Добавить в цитаты Настройки чтения

Страница 11 из 87



Глеб насторожился, слегка повернул голову, прислушался.

Второй дружинник — тот, знакомый уже Глебу, — возразил:

— Не должен здесь быть Милий Он с побратимами нам пированье готовит. Расставил силки. Обещал поднять вепря…

Но первый дружинник сказал:

— А лошадей видел у церкви?

— Видел.

— Так одна из них — Милия лошадь. Точно!

Второй дружинник помолчал. Видно, раздумывал. Потом сказал:

— Мне тоже показалась эта лошадь знакомой. Я ее еще в воротах приметил.

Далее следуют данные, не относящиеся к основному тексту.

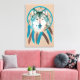 Grafik eines Wolfs in einem Traumfänger mit Federn in Bräunen, Blau, Braun, Weiß und anpassbarer Hintergrundfarbe!
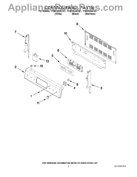 Parts for Kitchenaid YKERS208XS1: 02 - Control Panel Parts

Но сидел на ней не Милий, а какой-то удалец. И в поводу у него были еще две лошади. Тот удалец сказал: на продажу…

Они надолго замолчали. Глеб даже подумал, что ушли. Оглянулся. Нет, дружинники стояли. Лица у них были сосредоточенные. Наконец опять заговорили.

Первый дружинник припомнил:

— У лошади Милия одно колено сбито. Помнишь, он еще сетовал, что неловко через изгородь перескочил.

— Помню. Но давеча не посмотрел.

— Хорошо. Как выйдем — посмотрим…

Глеб подумал, что ему надо бы выйти первым. Не хотелось Глебу прежде времени шум в городке поднимать. Не все он еще разузнал. Следовало поскорее увести лошадей.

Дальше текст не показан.